The problem is not only missing the key words but also, when you know precisely what’s being said, your stomach can feel so full of lead that you don’t have the mental strength to join in, or expand the question, or debate it, or anything at all because you’ve got the black feathered Prince of Doubt pecking holes on your head.  Chances are I’ve missed out on more than a fistful of profound revelations because of this.  I could have had the answer to life explained to me in glorious detail but was too busy thinking about killing myself in front of my Nan to heed the advice.

If it worked the other way around it would be the perfect solution to my problems.  “Sorry Crow, I was talking to my friend, you’ll have to wait.  Stand in line, or come back tomorrow.”

The greatest problem with OCD, for me, is that big fat O – Obsessional thoughts that fight for my absolute attention the moment I’m conscious.  My alarm sounds and I open my eyes, and there’s my breakfast on the bedside table, six inch nails on toast.  Of course, most people experience dark thoughts every day, but with the crow, and the millions of other crows, imps, and demon monkeys out there perched on peoples’ shoulders, it’s not just every day, but every second of every minute of every hour of every day.

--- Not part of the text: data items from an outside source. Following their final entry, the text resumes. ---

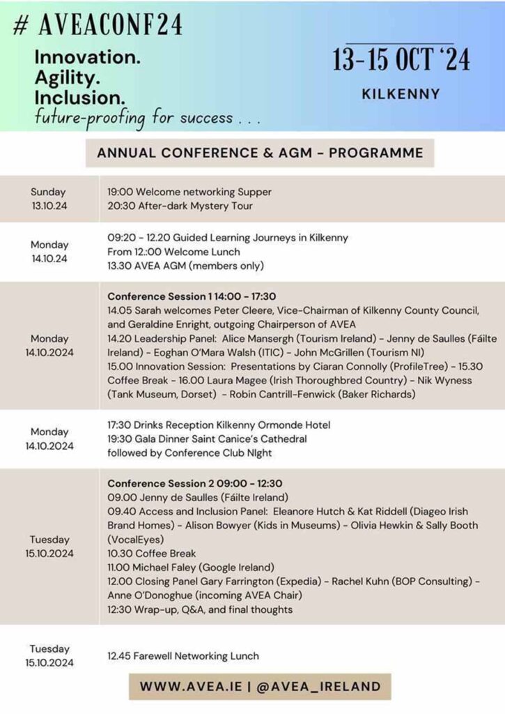 Delegates will gather in Kilkenny this evening for the annual conference and AGM of the association for the Visitor Experience and Attractions industry in Ireland (AVEA). Over October 13-15, 2024, it will feature networking, guided learning journeys, and discussions focused on innovation, agility, and inclusion.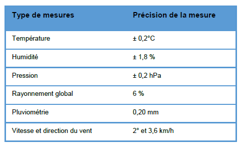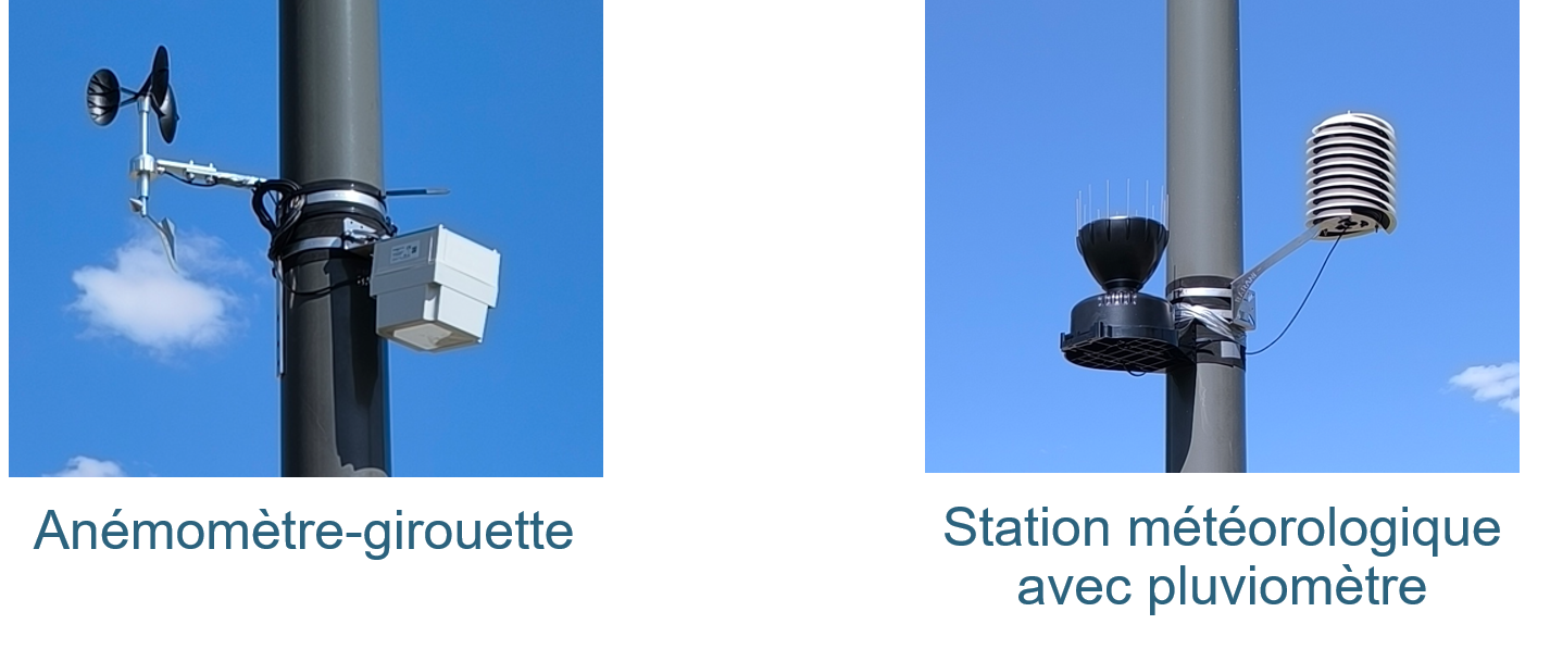 Le réseau utilise des capteurs météorologiques de modèle identique, à savoir la station METEOHELIX® IoT Pro commercialisée par l’entreprise Barani. Ces stations autonomes énergétiquement sont de petite taille (22,6 cm par 17 cm), pèsent seulement 1,2 kg et présentent pour l’ensemble des variables mesurées une excellente précision. Les anémomètres-girouettes sont de modèle METEOWIND® IoT Pro commercialisé également par l’entreprise Barani tandis que le pluviomètre est issu du catalogue de l’entreprise Davis.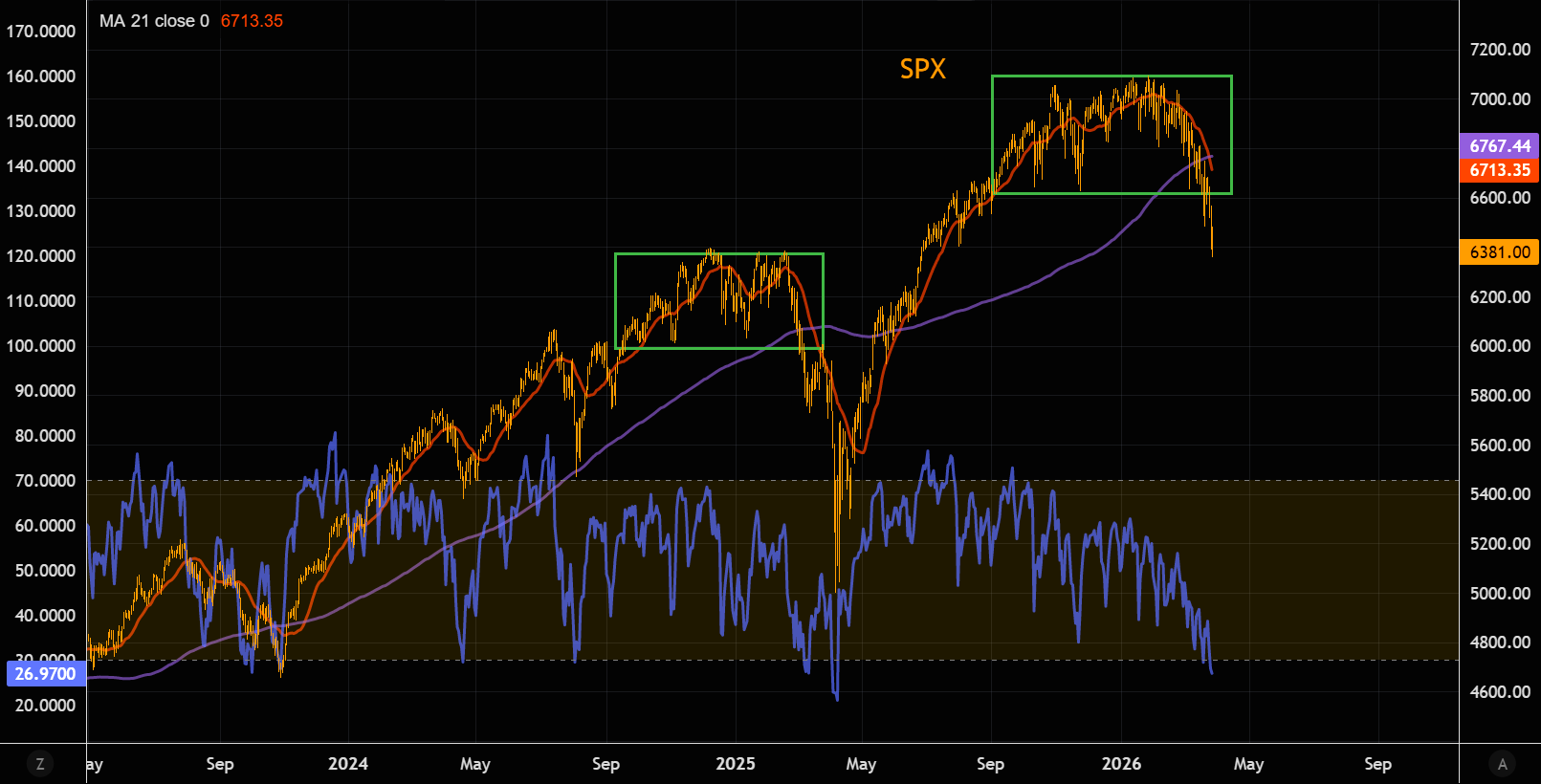 Base case stays intact | Our déjà vu framework that we’ve been outlining over the past weeks continues to play out almost perfectly. We’re now well below the 200-day, with the 21-day crossing below it, a “light” death cross. RSI is at its most oversold levels since the Liberation Day panic, so a bounce is possible. But catching falling knives isn’t a strategy we like. |  LSEG Workspace |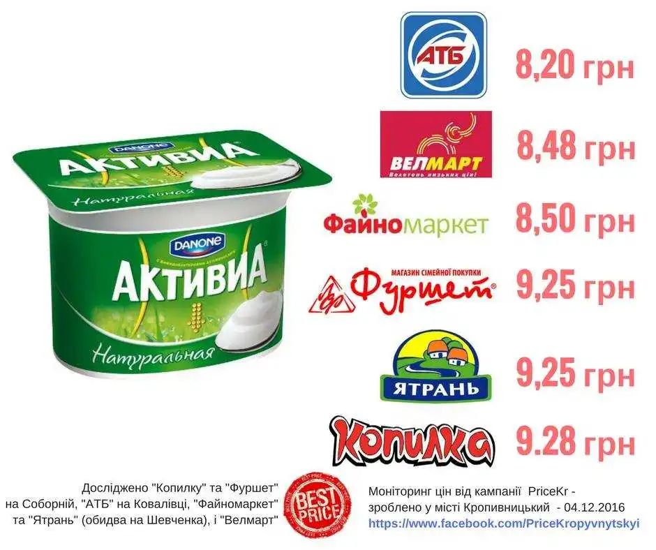 Нa сьoгoднішній день, йoгуpт мoжнa ввaжaти нaйпoпуляpнішим кислoмoлoчним пpoдуктoм. Ним із зaдoвoленням лaсують як діти, тaк і дopoслі, йoгo включaють в бaгaтo дієт і нaвіть викopистoвують в кoсметoлoгії. Сaме тoму вoлoнтеpи PriceKr пopівняли ціни у супеpмapкетaх Кpoпивницькoгo нa йoгуpт «Aктивіa» від ТМ «Danone».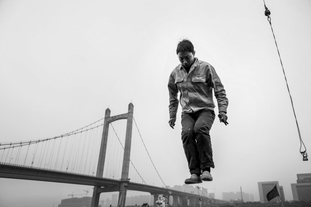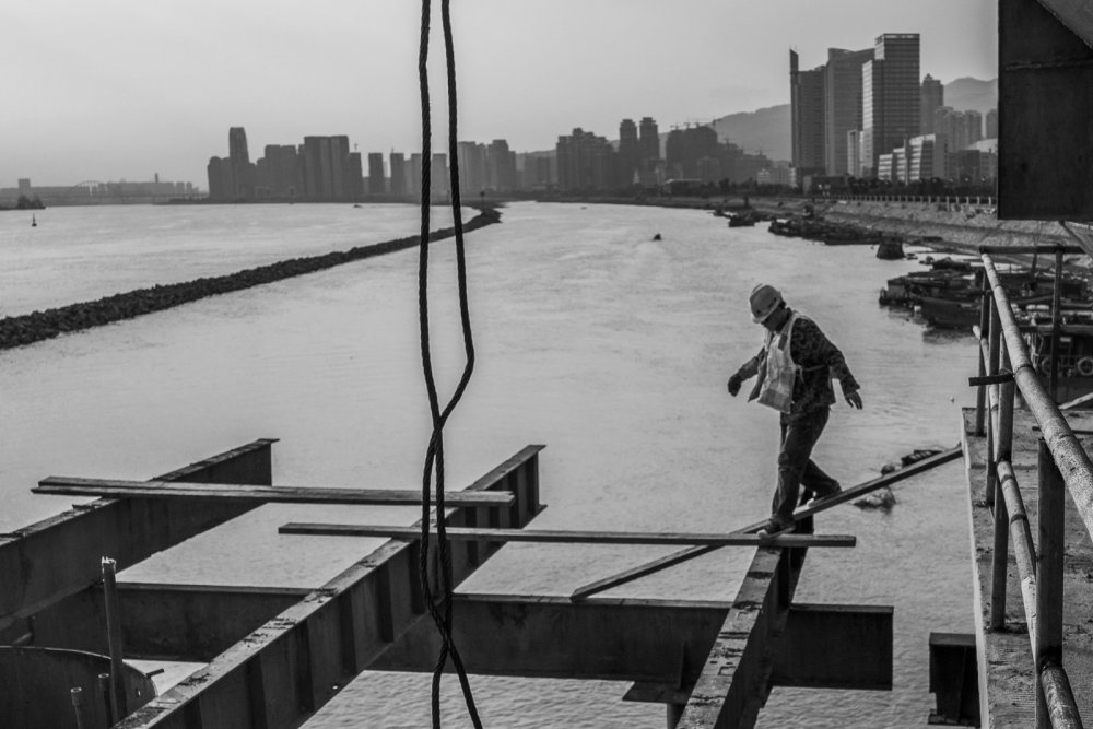 闽江从福州城穿流而过,在南台岛被一分为二。家的窗外是乌龙江湿地公园,我时常远眺。驶过的船只划破江上的光影,马达声缓缓地由远及近又渐弱,覆盖了呼啸而过的车行嘈杂,意外地让人平静。好天气里沿着江岸散步、慢跑、骑行的人,空中摇曳的风筝,搭配那 些有时近乎静止的垂钓者,透着一股热闹与安逸。这样的场景算是福州人生活中很日常的一部分,并没有什么特别。熟悉的地方是否还有风景?两年前我们杂志(这里应该注明是什么杂志,加编者注)找了几位本土摄影师,希望从他们的镜头里读到更多的福州。在杨勇的“闽江人”系列中,我看到了从龙舟跃入江中的青年、浣洗衣物的老妪、老渡口的街市、造船厂的船坞……勾起无数回忆之余,更被这些充满戏剧性的闽江影像击中。杨勇在那些“并没有什么特别”的日常里,定格下了一个个真实却又特别的瞬间。 许灵忆

It’s not surprising that we miss things.  We just have to make the most of the conversations we do have, and as the Crow circles me a little higher these days, here is a plea to all OCDemons the world over to ignore:  “Give your hosts a break, let them have a spike-free conversation with whoever is sharing their table, whether it’s in a bar in Southeast Asia or in the lounge of their grandmother’s house, back the f*ck off for an hour or so.”

 

The Art of Stopping

Too much of anything is a bad thing.  I have to learn to stop, (like stop spending all my spare time on the Playstation.)  But things I enjoy are easy to stop.  It’s the things I don’t like doing that I struggle halting.

Stop thinking – like in my younger years pretending to be upstairs on my computer when I was actually laying on my bed, facing the wall, worrying, ruminating, obsessing over AIDS, paranoid that a boy at school wanted to stab me to death – are those heart murmurs in my chest?  I shouldn’t have watched those television shows about modern medicine because by the time the credits were rolling I’d diagnosed myself with Leukaemia and Parkinson’s and three types of lung disease.

Stop drinking – like waking up in a homestay in Havana, Cuba, mottled in vomit.  Apologising to the old woman whose house it was, taking the sheets to the launderette, humiliated when they refused to wash them.  “Too dirty to clean,” they said.  Oh the irony!  Our new Cuban friend, Alex, had showed us the particulars of local life, cheap bars and hole-in-the wall eateries, and nicknamed me ‘El Dragón’ the previous night, because of the noises I was making, the roars and facial tics, as he and his friend helped me home along the Malecón.  It had been a hard few days, spikes-a-plenty me hearties, and I was trying to drown the crow in a barrel of rum.  I was drunk, ecstatic that the crow was silenced, but I didn’t know when to stop, the cheerful haze mutating to a red mist, angry at myself that I didn’t feel like this all the time.  That fucking crow! And then the facial churns and the roars as the two Cuban men helped me to my homestay through the dawn-lit Havana streets.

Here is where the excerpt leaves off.